In the data below, find the line with "- Внешние габариты" and the line with "Jess Emmert (R)", then restate both and every line between them exactly, minus the pictures.

• Source material:
◇ ◇ ◇

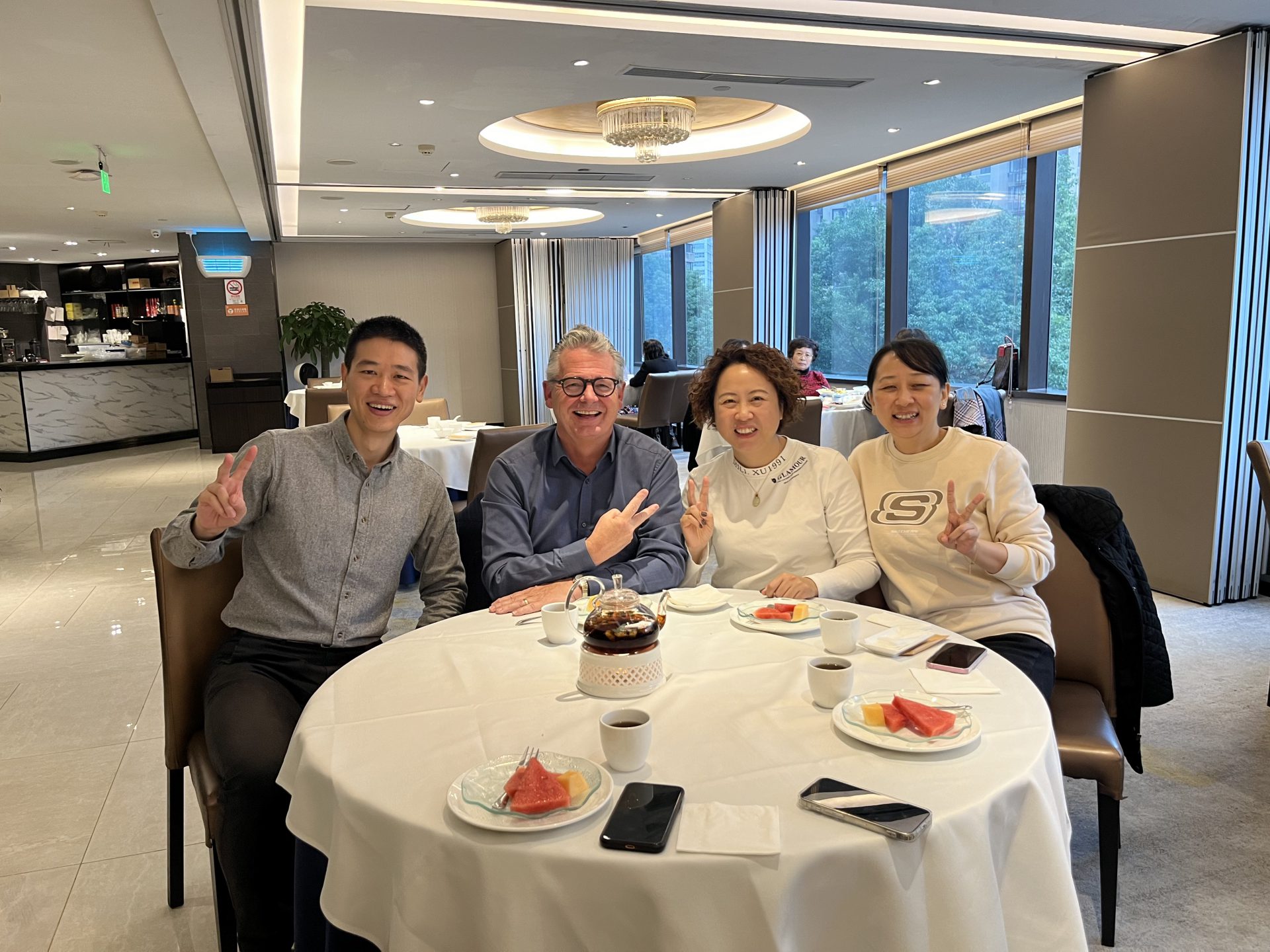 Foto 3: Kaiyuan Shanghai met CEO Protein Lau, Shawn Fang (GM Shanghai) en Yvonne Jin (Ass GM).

◇ ◇ ◇

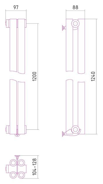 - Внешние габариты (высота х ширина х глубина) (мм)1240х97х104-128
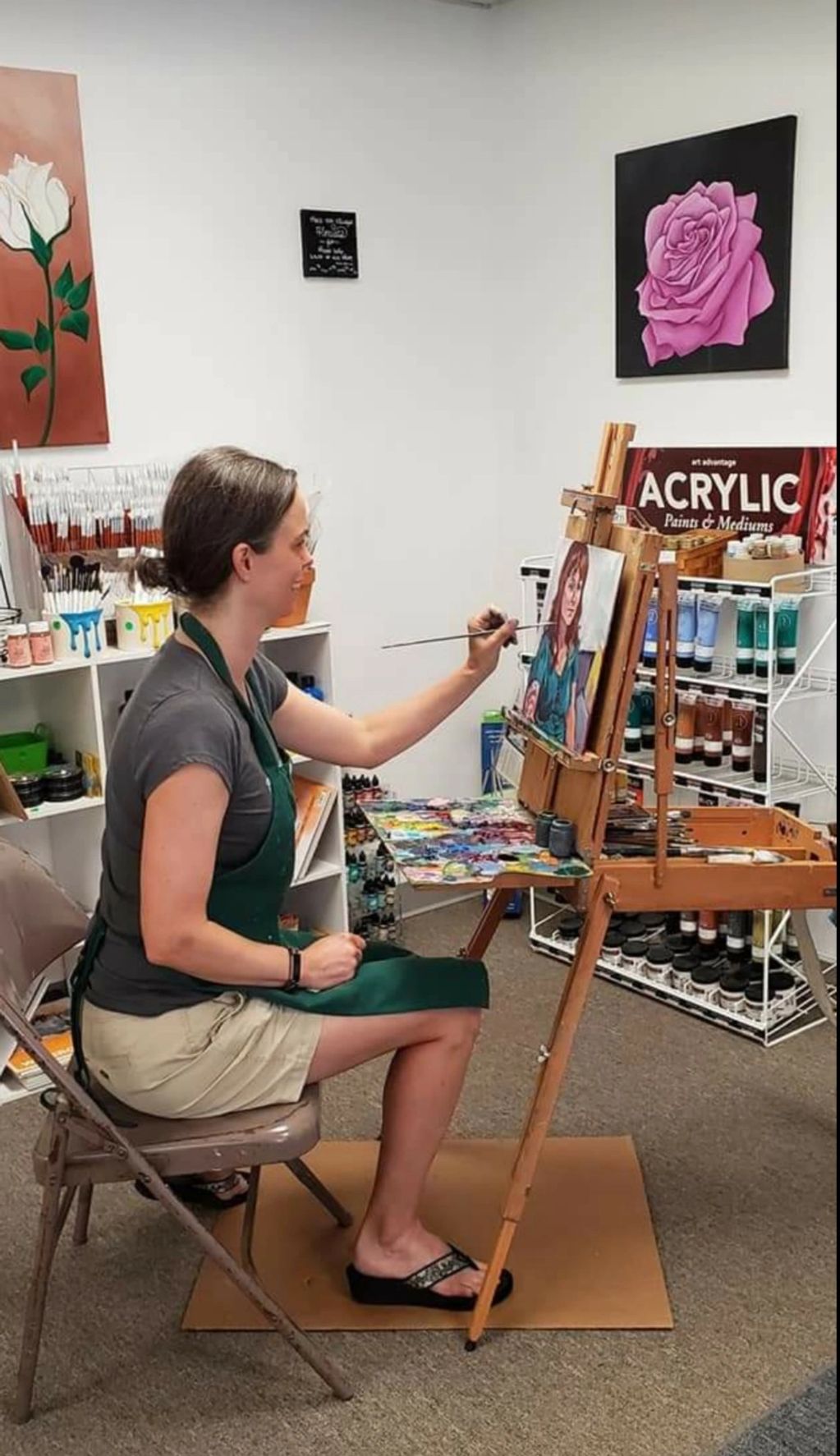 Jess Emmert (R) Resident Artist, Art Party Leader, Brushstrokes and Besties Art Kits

◇ ◇ ◇

• Solution to this task:
 - Внешние габариты (высота х ширина х глубина) (мм)1240х97х104-128
 Jess Emmert (R) Resident Artist, Art Party Leader, Brushstrokes and Besties Art Kits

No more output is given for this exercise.